Way back in the early ’90s I used to play a lot of Scorched Earth, a tank-based artillery game that preceded Worms. This simple yet effective strategy title is all about moving to a position, lining up a good shot, and then executing it as effectively as possible.
Just four years later, in 1995, developer Team17 came along and threw a holy hand grenade into the heart of that same formula, and replaced the tanks with squiggly worms while they were at it.

Originally called Total Wormage, the game evolved from being a curious artillery-based project starring Lemmings (yes, those Lemmings) into the Worms formula that we all know and love today, with designer Andy Davidson the brains behind the operation, at least until Team17 joined the party.
Catching Worms
For me, Worms started on PC a year or so later, where I would use the procedural world-building tools to try and make the ultimate battlegrounds. I would then tinker with my little cadre of pink commandos before taking them into battle across destructible environments filled with danger.

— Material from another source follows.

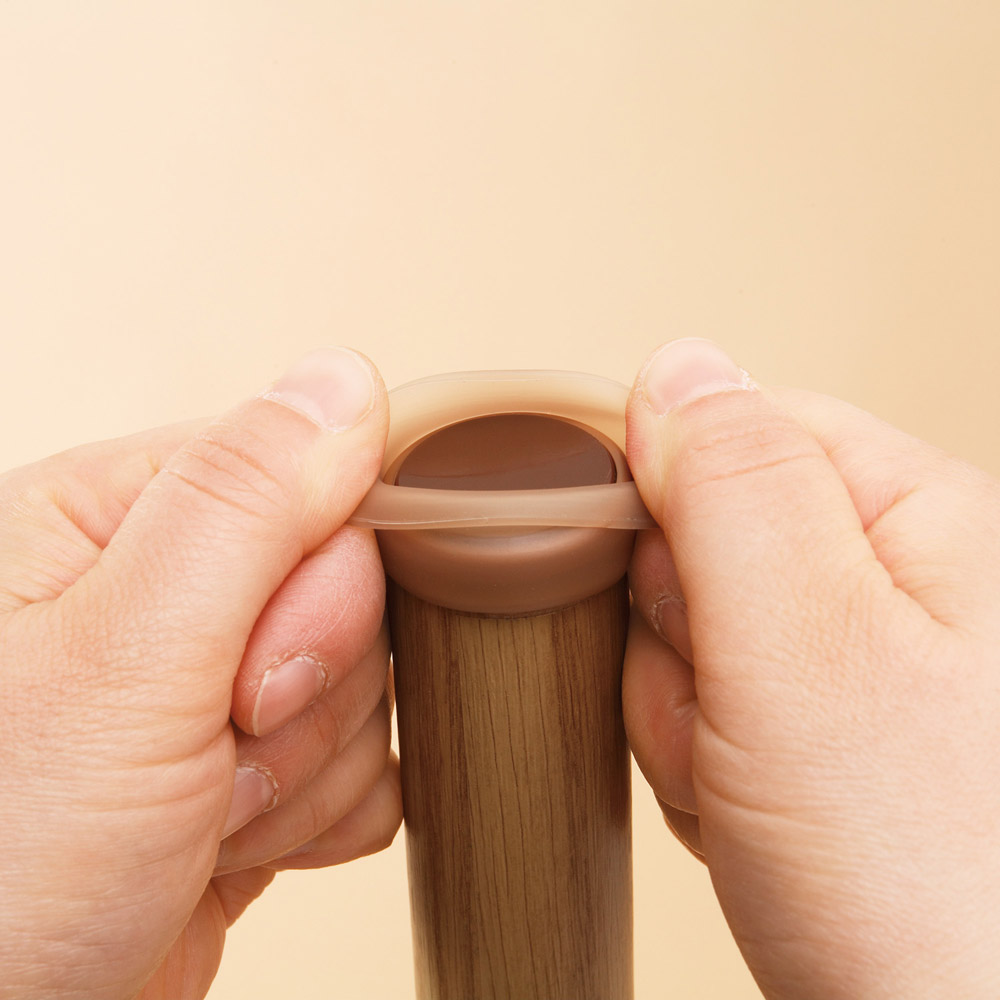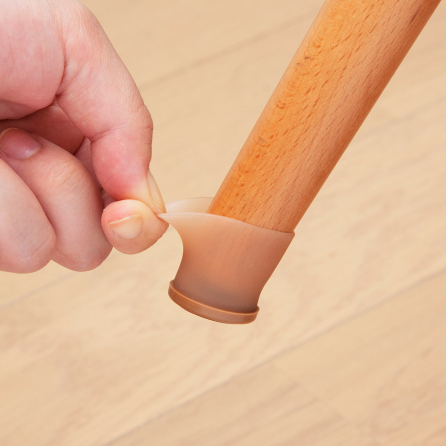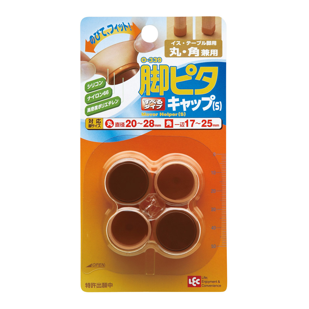 のびてフィット!伸びるシリコンキャップ!イス、テーブル脚用。丸・角兼用!●底面は高密度ポリエチレンですべりが良く、家具の移動がスムーズになります。●伸びるシリコンキャップで簡単に取り付け。●フローリング、カーペットで使用出来ます。●対応脚サイズ…丸直径20から28mm、角一辺17から25mm【使用方法】(1)取り付ける脚のサイズ・形状と脚キャップの適合サイズ・形状が合っているか確認し、 取り付ける脚の上に向けておく。(2)キャップを完全に裏返しにする。(3)取り付ける脚の底部にキャップもの底面を合わせ、シリコン部分を伸ばしながら脚をかぷせる。

However, while I spent a lot of time with the PC version of the game, it was actually on the PSOne that I discovered the wicked joy of demolishing my best friend in lethal combat. We would sit around his PlayStation after school, passing the controller and taking turns to prod, shoot, and explode each other’s worms into oblivion. Good times.

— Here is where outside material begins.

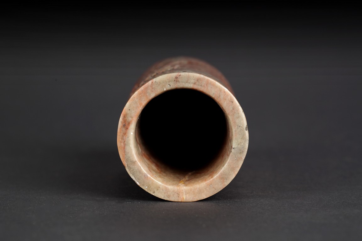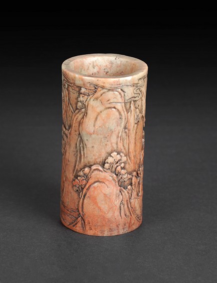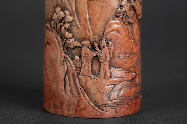 A SHOUSHAN SOAPSTONE CARVED BRUSH POT    壽山石雕二翁深山聚會筆筒

By the time we get to the late ’90s, we had played Worms and Worms 2, although the formula across the games has remained largely consistent over the years. Of course, there have been some deviations from the slime trail, and this started in earnest in ’98, when we got Worms Pinball!

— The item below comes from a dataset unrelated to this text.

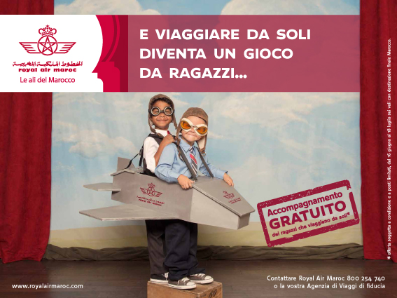Royal Air Maroc offre gratuitamente il servizio di minori non accompagnati (Um) in classe economica, a tutti i bambini di età compresa tra i 2 e i 12 anni non compiuti, che viaggiano da soli con destinazione finale il Marocco, a partire dal 18 giugno al 31 luglio. Per qualsiasi informazione è operativo il call center della compagnia aerea al numero 800.254.740.

Most recently, we got Worms Armageddon: Anniversary Edition. While the original landed in 1999, the updated version dropped just last year, along with alternative versions of the third mainline entry in the series. I remember it because of the graphical update, but it was also the last game in the series that I would play for some time.
World Exclusive Worms
Back in 2016, when I was still working at Gamereactor I was sent on a fun assignment to Wakefield for the world exclusive reveal of Team17’s next entry in the series: Worms WMD.
It was there that I, along with a writer from PCGamesN (another site I’ve got a connection with), got the first look at the next evolution of a formula that I had returned to again after so many years away.
WMD introduced a few new tricks, with giant turrets and helicopters, and even explorable buildings, but it was also reassuringly Wormsy, and I immediately felt right at home as my more modern-looking invertebrate friends hopped about the place in search of trouble.

Worms is a game that knows what it is, knows what it needs to do, and then does exactly that, in the process making sure that the action is as silly as it possibly can be.
Final Thoughts
I can’t claim to be a Worms expert, but I do know the difference between a concrete donkey and a banana bomb, and when to use a gentle prod vs when to bust out the ol’ super sheep.
Worms is a series that has been with me on and off throughout my life, ever since I was a teen in the ’90s. It might not feel very fresh in 2025, but credit where it’s due; Team17 has managed to keep this most unlikely franchise burning for thirty years, and that is a remarkable achievement.

PS. All the screenshots are taken from games in the order that they were released, except for this final one, which is from Worms Reloaded (2010). The first images is from Worms (1995), then there’s a snap from Worms Armaggedon (1999), and that is followed by Worms WMD (2016).